Wednesday, September 7, 2011

Counting Calories to Lose Weight doesn't Work; how else do you explain how Peanut Butter is Slimming?

Everyone should be familiar by now with how Americans have been growing bigger and bigger with each generation. And we aren't just talking about those who somehow are unlucky enough to have genes that predispose them to being overweight. People who when they were in their 30s had no trouble with their weight often find that in their 40s, keeping the weight off is more difficult each year. Of course, people blame themselves - they should be counting calories to lose weight and visiting the gym a lot more often, they tell themselves. Everyone knows that these are what you need to do to stay slim and healthy, don't they?

Why doesn't this kind of advice ever seem to work? Is it just that people find it very distasteful to exercise and to eat responsibly? Or is it possible that the advice we've all received so far is wrong that counting calories to lose weight is the way to go?

The research in question was done at Harvard University; it involved following more than 100,000 healthy, slim, middle-class people, get this, for up to 20 years. Every two years, all these thousands of people would be given very intricately-designed questionnaires about their weight, their lifestyle habits and their eating habits. The study just came out in the New England Journal of Medicine a couple of months ago.

On average, the study found that all these people gained about 15 pounds in 20 years. The study concludes that counting calories to lose weight isn't the right approach at all. You aren't supposed to avoid fatty foods, and eat everything in moderation. The new mantra according to study is that you don't need to watch your calories as much is a need to watch where they come from.

As for exercise, while the study does find exercising makes you lose weight, it doesn’t work like you would expect. When measured every four years, the people who exercised the most were only about 2 pounds lighter than those who exercised the least. Exercise isn't as important, they've concluded, as what you choose to eat. If America is getting fatter by the year, it isn't that America doesn't exercise properly; it is just that Americans don't eat properly. That has to be bad news for all the health clubs out there.

As for the kind of foods that you should eat or avoid, the study had some surprising findings and some expected ones. Junk foods like french fries, chips, soda, fruit juice and white bread can be quite fattening. Full cream dairy products - milk and cheese - don't raise your weight. Peanut butter and nuts on the other hand actually make you lose weight. It's vegetable fat and it is good for you.

And unlike what they tell you in that famous Seinfeld episode with the low-fat yogurt, full-cream yogurt according to the study, with its healthy bacteria, can actually help you lose weight. It makes your gut a whole lot healthier and it makes you less hungry.

Saturday, September 3, 2011

When Low Calorie Snacks don't Work, could Imaginary High Calorie Treats do the Trick?

If you're over 50 and you've put off losing weight for this long, you'll probably find that getting rid of those generously proportioned love handles can be all but impossible.
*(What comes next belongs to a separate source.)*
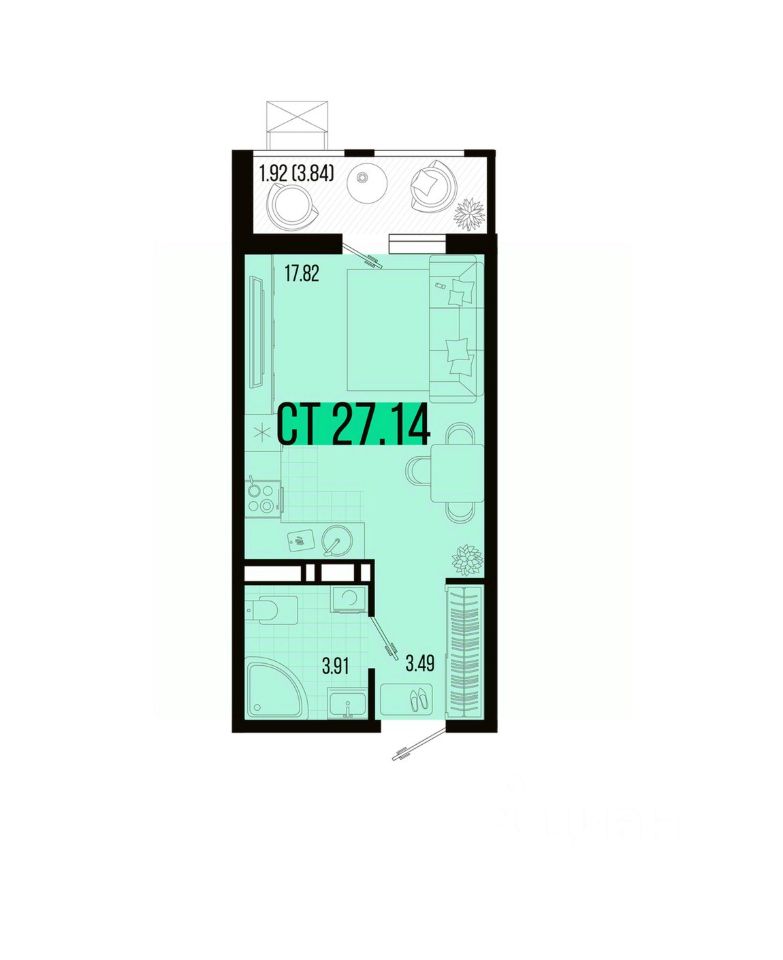 Общая площадь27,14 м2
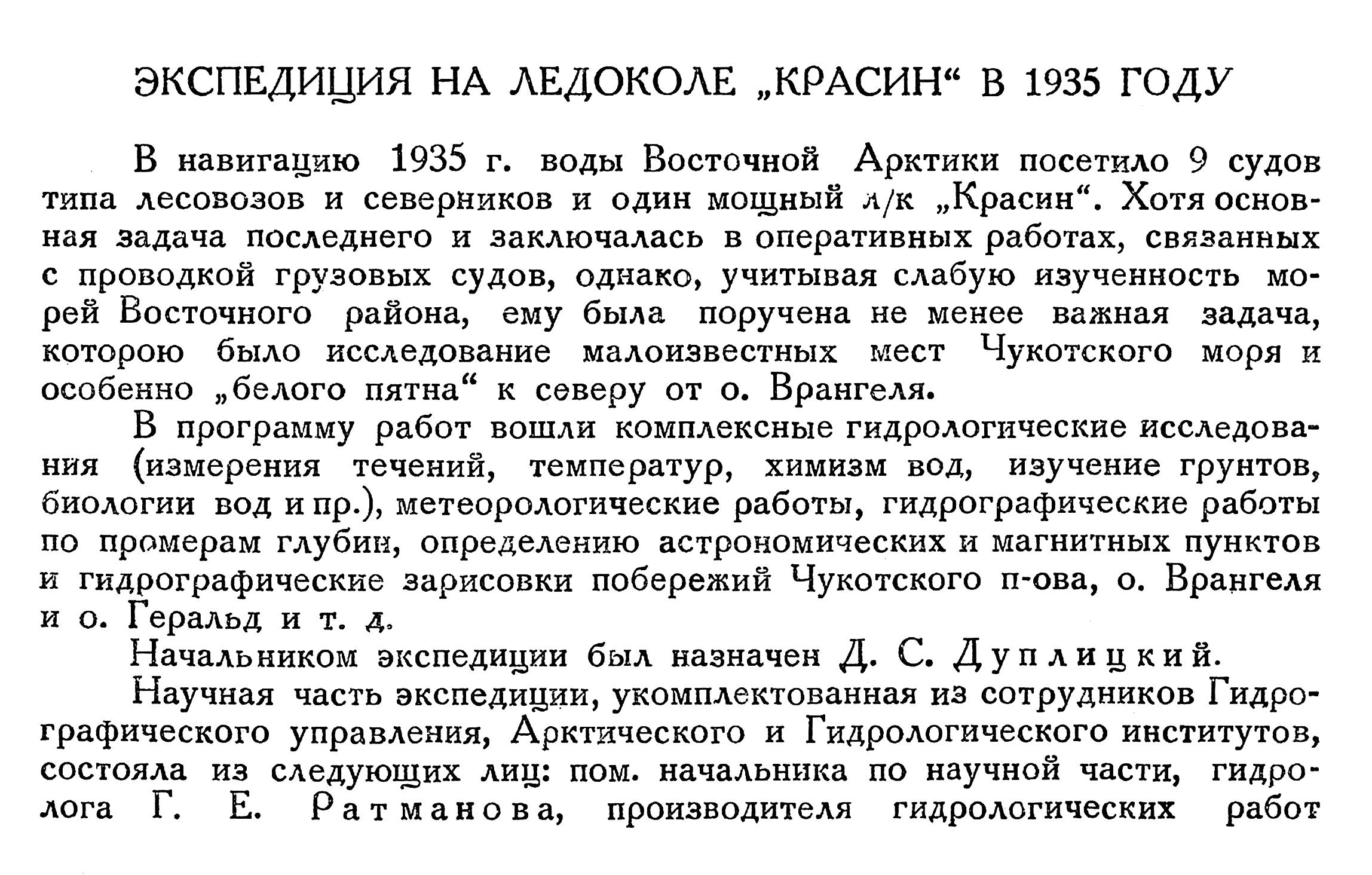 Основной задачей экспедиции на „Красине" являлось поэтому подробное и всестороннее исследование районов в Чукотском море к северу от островов Врангеля и Геральда.

Not without a frightful amount of determination can you make any headway losing weight. The trouble, usually, comes not just from finding the determination to exercise everyday. Usually, finding the heart to cut down on one's snacks or to switch entirely to tasteless low-calorie snacks can be difficult as well. The thing is, people can go overboard even with low calorie snacks. Indeed, they say that 100-calorie snack packs are actually far worse than full-sized packs. The packages may be made to contain no more than 100 calories; but no one stops you from eating many of them. Here is where a study done by the Carnegie Mellon University and published in the Science journal comes in.
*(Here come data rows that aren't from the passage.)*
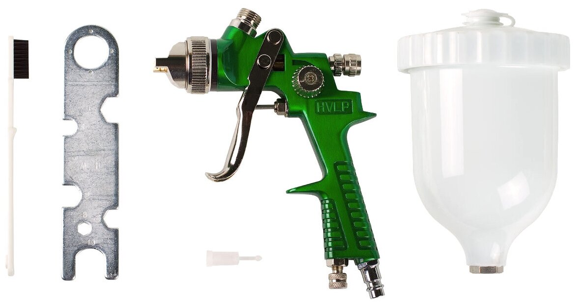 Type: pneumatic spray gun, tank volume: 0.11 l, spray method: HVLP, maximum nozzle diameter: 1 mm, maximum spray width: 220 mm
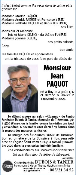 Décédé à Ochain (4560) le mardi 3 novembre 2020 à l'âge de 88 ans
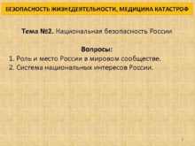 БЕЗОПАСНОСТЬ ЖИЗНЕДЕЯТЕЛЬНОСТИ МЕДИЦИНА КАТАСТРОФ Тема 2 Национальная
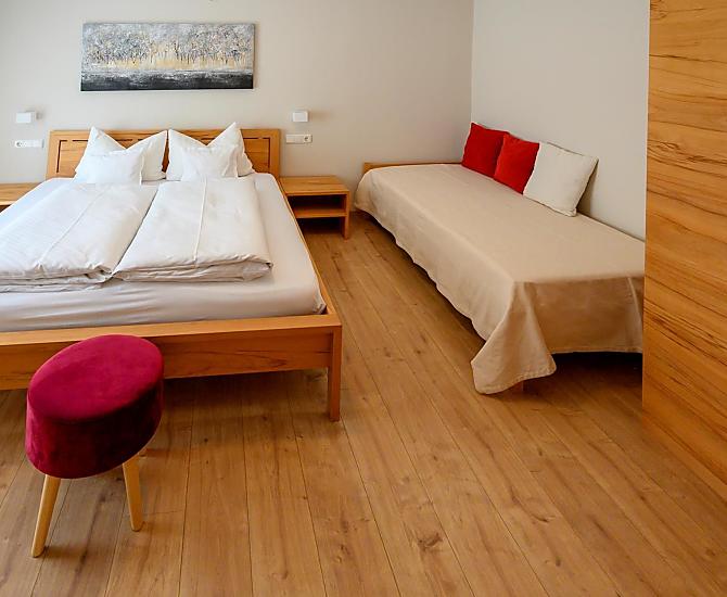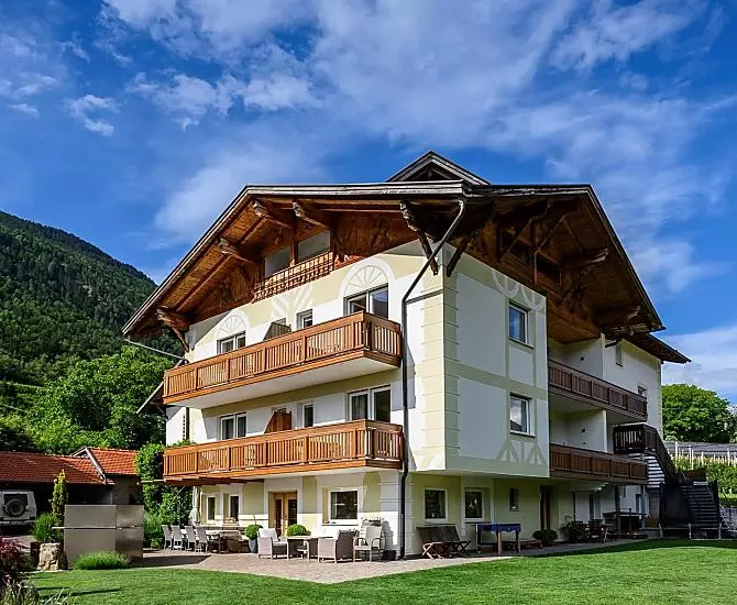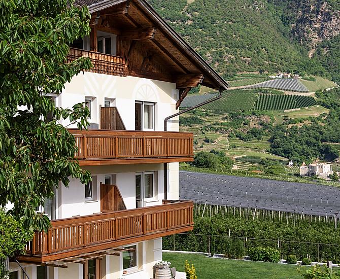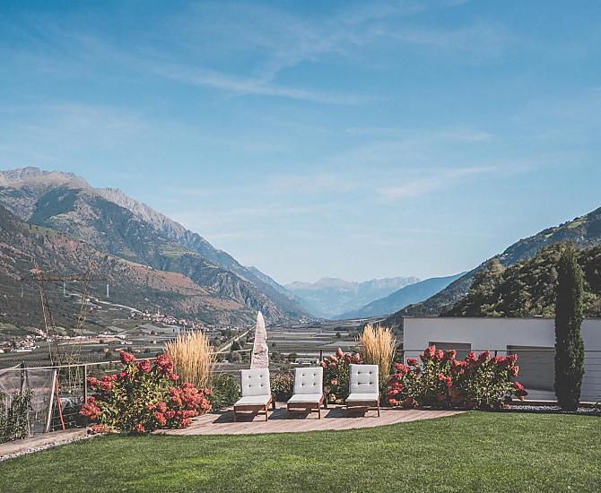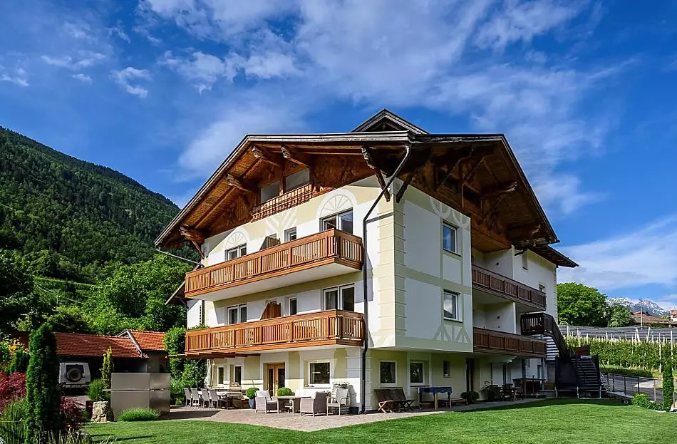 In the heart of Vinschgau lies the Niedermaierhof - quiet and in the middle of orchards, with a neighborhood that leaves nothing to be desired: the spa town of Meran approx. 20 km away, the Stilfser Joch National Park, Juval Castle by Reinhold Messner, the Mediterranean Sonnenberg with its unique climate and the irrigation channels, Trauttmansdorff Castle, one of the most beautiful gardens in Europe.

This is what the study says, basically - there is a way to trick your mind into wanting to eat less. It's the power of imagination that you turn to. Imagine in detail the entire process of biting into, chewing up and swallowing a great and wonderful treat (not bland low calorie snacks) that you've always loved and crave; if you do it enough times, your mind will feel cloyed with the very idea of that delicious snack.

In this study, they tested a few dozen people on this idea. They asked people to sit there and imagine in great detail the whole process of eating M&M's that they loved. The more M&Ms the group was asked to imagine picking up and eating, the less they wanted to eat M&Ms when they were actually presented with a bowlful afterwards.

If someone asked you to imagine in detail everything that could happen to you if you were attacked by someone, usually, your brain would be able to do such a good job of imagining it, you could find yourself put off the rest of the evening. When you imagine in enough detail the experience you have eating something you really love, your brain, or at least a part of it, actually believes that you're eating it. And it releases some of the chemicals it would if you really were eating the stuff. Those chemicals give you the satisfaction of having actually eaten something you love.

So does this thing actually work in real life with real people? People who really try this, imagining a nice pizza that is crispy and gooey at the same time, with the heat and aroma of cooking pizzas, sauces and spices in the air, usually find that after a few tries, they do feel that they can do without the snack they crave. However, it usually doesn't have any real effect on their weight. Somehow, the brain tries to compensate by getting you to eat a lot more when it's regular mealtime. People find that when they indulge their imagination both with special treats and with their regular meals, they really can lose weight - usually at the rate of a couple of pounds a week. It can really work if you stick with it. Try losing two pounds a weeks with low calorie snacks.